HR & Management
Dragons' Den investor Sarah Willingham on what business worries keep Brits up at night
6 min read
06 January 2016
Today marks the launch of a series of “15 Minute Business Fixes” clinics on Heathrow Express trains, which enables its passengers to get advice from successful business leaders. Kick-started by Bombay Bicycle Club owner and Dragons' Den investor Sarah Willingham, we talked to her about the challenges that keep Brits awake at night – and how to overcome them.
“’Tis now the very witching time of night,” Hamlet famously said in Shakespeare’s play. He was referring to the hour of midnight, when witches were thought to be most active and supernatural forces at their most powerful.
For modern-day workers, the small hours between midnight and 3am is when some find themselves wide awake, alone in the dark, with work and life worries closing in on their psyches. And, of course, many blame their jobs for this lack of sleep.
Numerous studies have delved into the link between work and sleep, with a British study having suggested that people working 55 hours a week rather than 35-40 are twice as likely to sleep less than six hours, nearly four times as likely to have trouble going to sleep and twice as likely not to feel refreshed the next day. Similarly, Dr Paul Kelley of Oxford University claimed forcing staff to start work before 10am is tantamount to torture and is making employees ill, exhausted and stressed.
Now, research in conjunction to Heathrow Express’ clinic has found that business-minded Brits lose over a month’s worth of sleep every year.
“This comes hand-in-hand with stress at work,” said Willingham. “You could stress so much over finances or any other aspect of your job that you come to experience insomnia. And when your head hits your pillow at night you almost instantly know whether you’ve had a busy day at work or not.”
In terms of what UK bosses dreaded most this year, the Heathrow Express survey unveiled the top ten, including standing out in crowded markets, innovating new products and services, raising funds for investment, understanding the next generation of consumers and market regulations as their top challenges.
Willingham delved further, explaining that weathering the economy topped the list. She said: “We’ve had to fight harder than we ever have before, and so everyone is eyeing the economic landscape wearily.
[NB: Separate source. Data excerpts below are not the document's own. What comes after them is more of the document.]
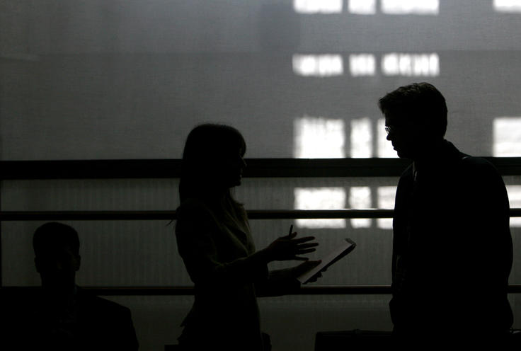 Members of delegations are silhouetted as they stand next to a window before the start of a Permanent Council meeting in Vienna, 18 May 2006.
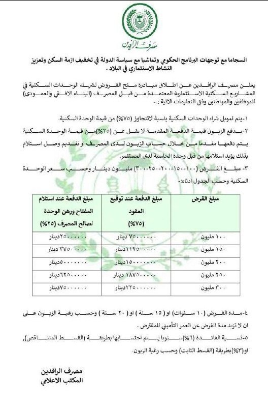 نشر مصرف الرافدين، تعليمات جديدة للقروض الخاصة بشراء الوحدات السكنية.وأدناه نص التعليمات:
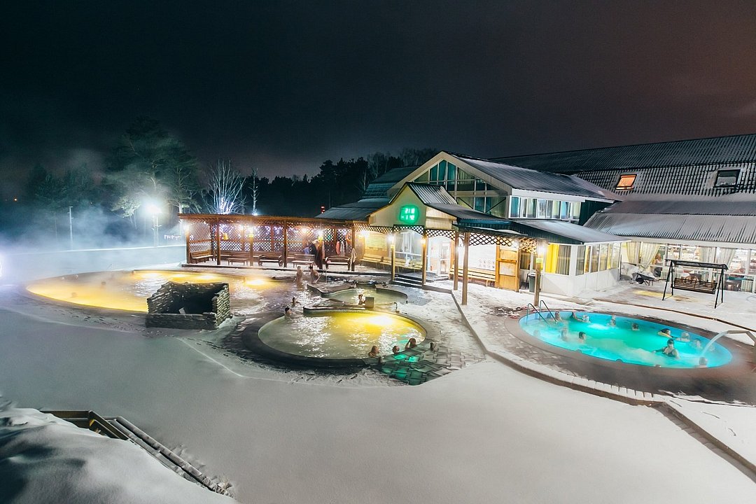 Клуб располагает уникальным термальным минеральным источником. Гостям несколько открытых термальных бассейнов. Также к услугам отдыхающих финские сауны, инфракрасная сауна, хаммам, кедровые фитобочки, раздевалки с индивидуальными шкафчиками, комната отдыха и бильярд. По желанию можно заказать массаж.
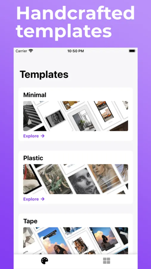 Create beautiful content for social media with handcrafted templates. Add filters and effects to your photos directly within the template. Write your text with unique fonts, select a background color. Then share your story with the world!
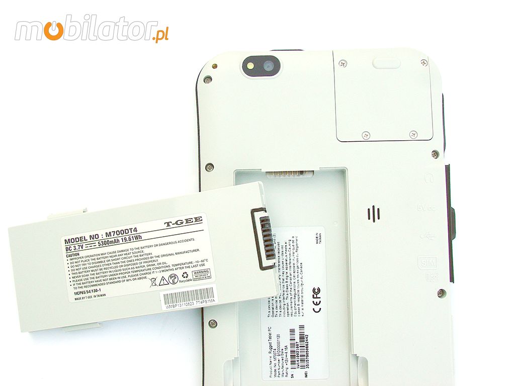 M700DT4 tablet is equipped with a micro USB 2.0 port, microSD card reader, SIM card slot and audio output mini-jack. The possibility of recording enables integrated 5Mpx camera with autofocus.
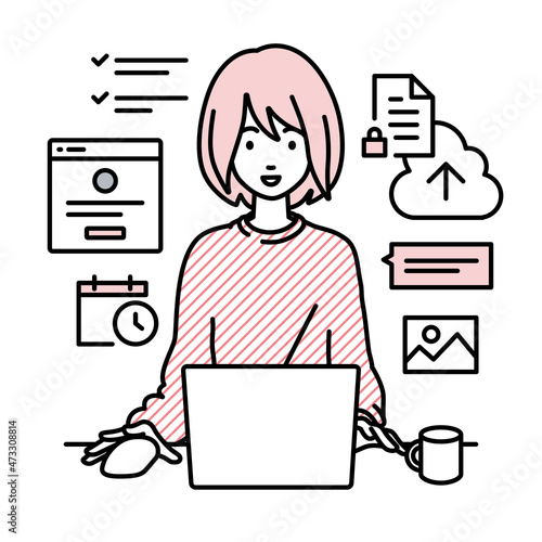 デスクで座ってPCでプロジェクトやタスクの管理の仕事をしているリモートワークの女性
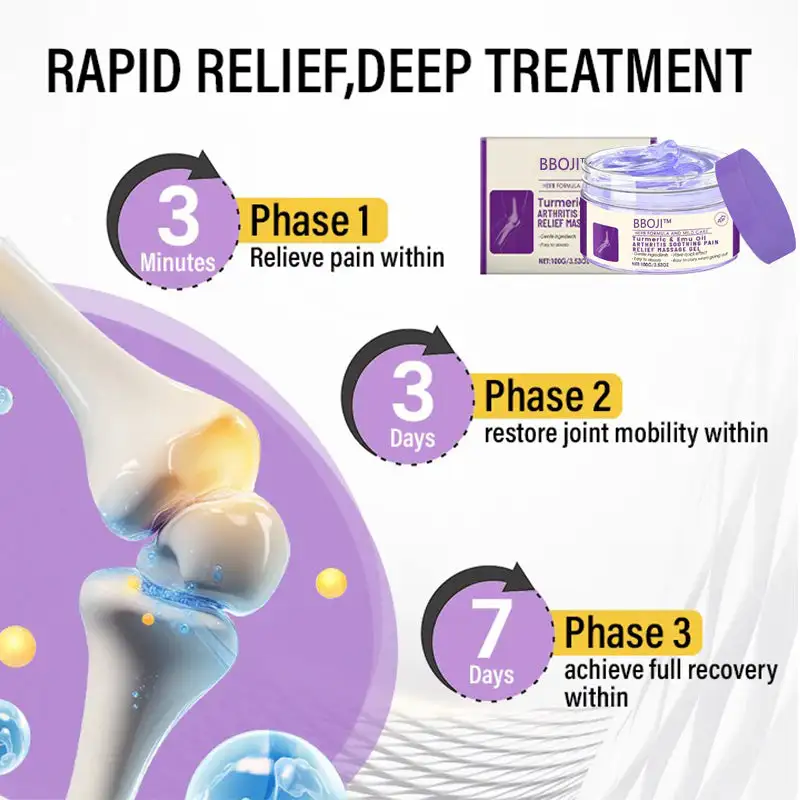 BBOJI™ Turmeric & Emu Oil Arthritis Pain Relief Massage Gel provides fast, targeted relief—soothing pain in just 3 minutes! 💨✅ Restores joint mobility in 3 days✅ Supports full arthritis recovery in 7 days
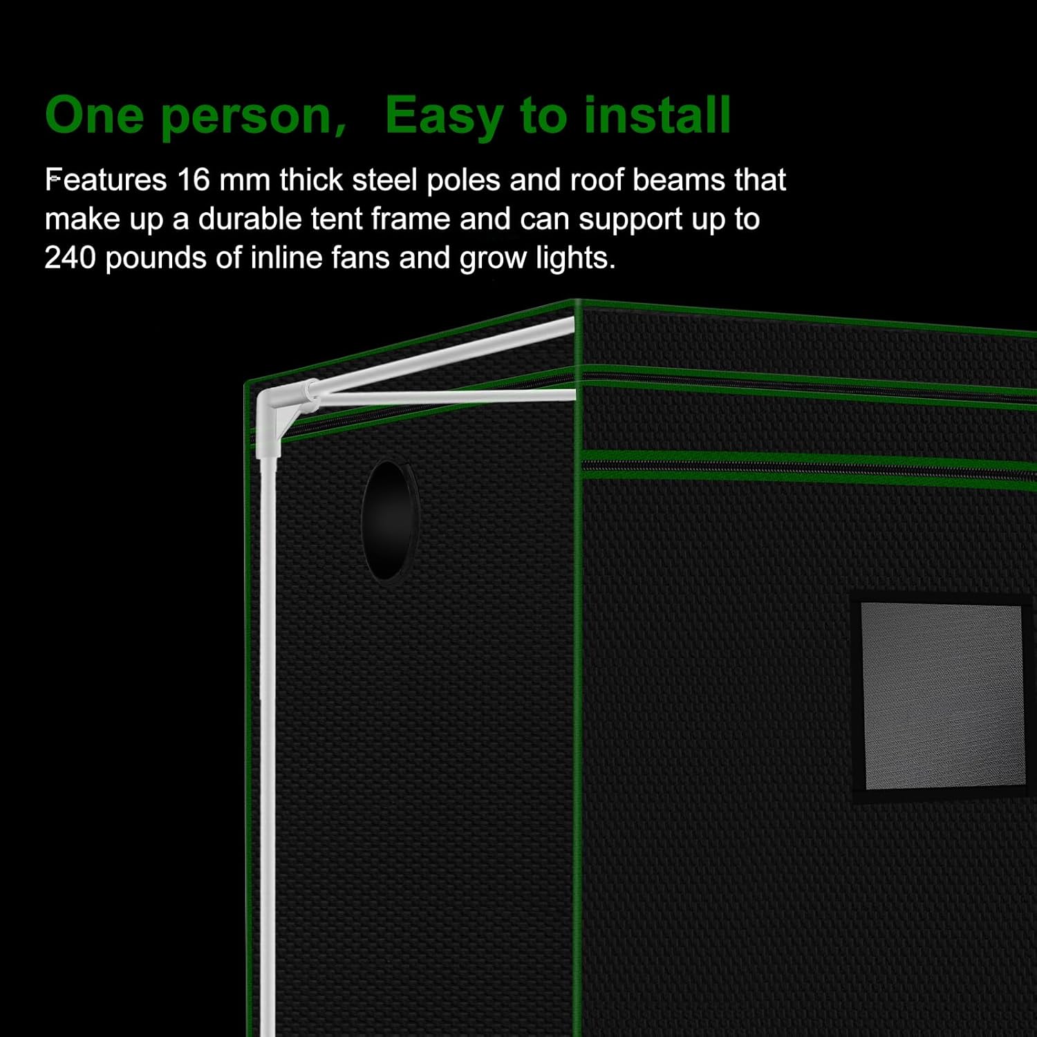 - 【Easy to operate】: Our indoor grow tents are equipped with a large heavy-duty zipper door for you to easily put in/take out plants , and the 4x8 grow tent design with large transparent observation windows allows you to easily observe the internal plant status of the grow tent at any time.
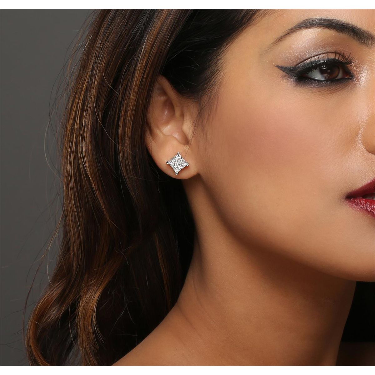 One pair electronically tested 14KT white gold ladies combination cast & assembled diamond stud earrings with friction posts with a bright polish finish. Identified with markings of "14K". Condition is new. Containing: Eighteen invisible set princess cut diamonds, measuring 2.50 x 2.50 x 1.88mm (depth est.) approximate total weight of 18 Stones = 1.73ct. Clarity: SI-2 to I-1. Color: G - H, Cut is Good. All diamonds are graded in the mounting, unless otherwise stated. Total Weight of Diamonds 1.73ct. Total Weight of Earrings 2.60 grams. GGL Appraised at $4,600.00.
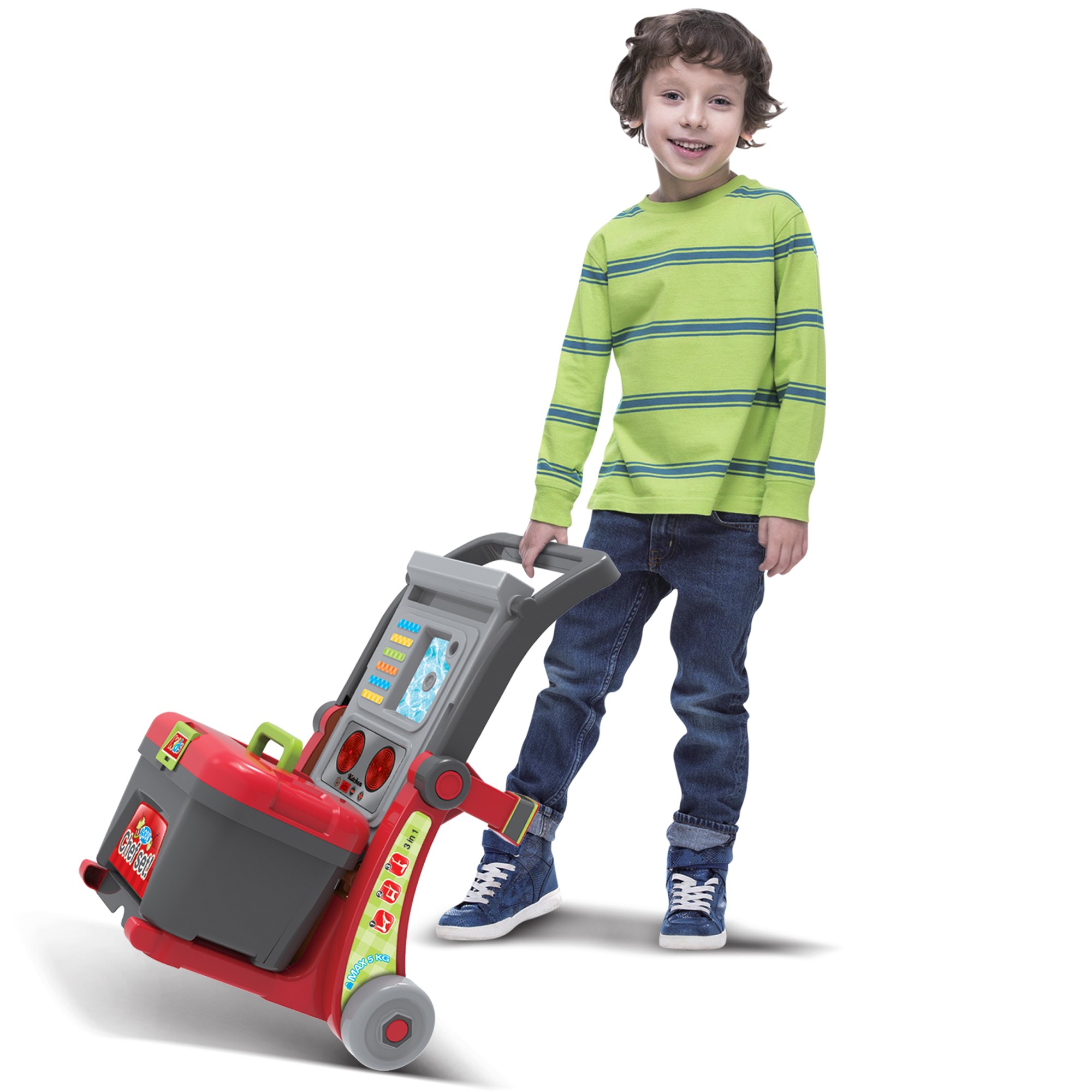 Представяме ви невероятната детска кухня 3 в 1. Комплектът е направен в меки пастелни цветове, той ще бъде подходящ както за момичета, така и за момчета. Ако детето ви се чуди как се приготвят всички домашни вкусотии, сега е момента да разбере как се случва магията в кухнята. Ако детето ви мечтае да стане готвач, детската кухня ще му помогне да играе тази роля. Кухнята е на колела, така че можете да я движите свободно от място на място. Удобна дръжка за носене отзад. На готварския плот има два странични рафта, на които можете да поставите продукти за готвене или да измиете и посудата. Куфарът има удобна дръжка за носене. Лесен монтаж и демонтаж, инструкции за монтаж на опаковката.
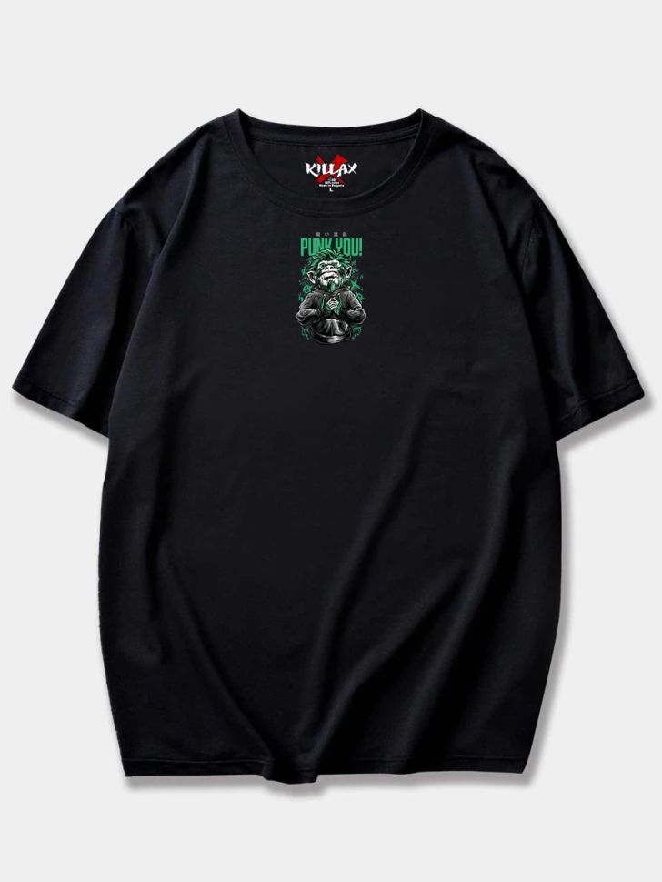 Tricou Bărbați PUNK YOU NEGRU OVERSIZED

It echoes my own thoughts as well, and being part of the restaurant sector, I would say it is followed by the rising cost of overheads and the ability to find qualified staff.”
But given the right support and advice to combat these challenges, respondents estimated they could increase their turnover by an average 36.3 per cent, which equates to a collective increase in earnings of £580bn every year.
“This means that employers and entrepreneurs need to find out what part of the business process is stressing them out,” Willingham explained. “Are you losing money? Have you been constantly working 24/7 and can’t see the wood for the trees? Are you struggling to maintain a work-life balance and so haven’t been able to spend as much time with your family? These are all problems that can be addressed if you do a proper double check yourself or seek help – even if it is just to talk to another entrepreneur from the same sector. A 15 minute conversation with someone else is all it takes to take your business on a different path and soothe your worries.”
The latter was the reason behind the Heathrow Express clinics, each lasting the 15 minutes it takes from London Paddington to Heathrow. The clinics offer one-on-one sessions with business figures such as Willingham, who offered passengers impromptu advice from 10am to 4pm.
“I think bosses need to learn that it’s ok to ask for help,” she said. “We have a slight culture of viewing our lack of knowledge as a failure. However, we just need the confidence – and reassurance – that it may take a few wrong paths before we finally land on the right one.
“The best bit of business advice I received was to always surround yourself with brilliant people – embrace other people’s experience, don’t be intimidated by it – and this has stuck with me throughout my career,” she added. “I definitely don’t believe you have to be ruthless to succeed in business; I’m much more in the camp of those who think a personable nature will get you far – that and a lot of drive and passion.
“I do think having a business mentor – someone you respect, admire and, most importantly, trust – is tremendously important. I can’t tell you how much this has helped me over the years; it really helps you develop as a businessperson and stay on the road to success. That’s why I’ve embraced this project with Heathrow Express, I hope that I can offer passengers my own advice and help others who are potentially facing similar challenges to those I have faced myself.”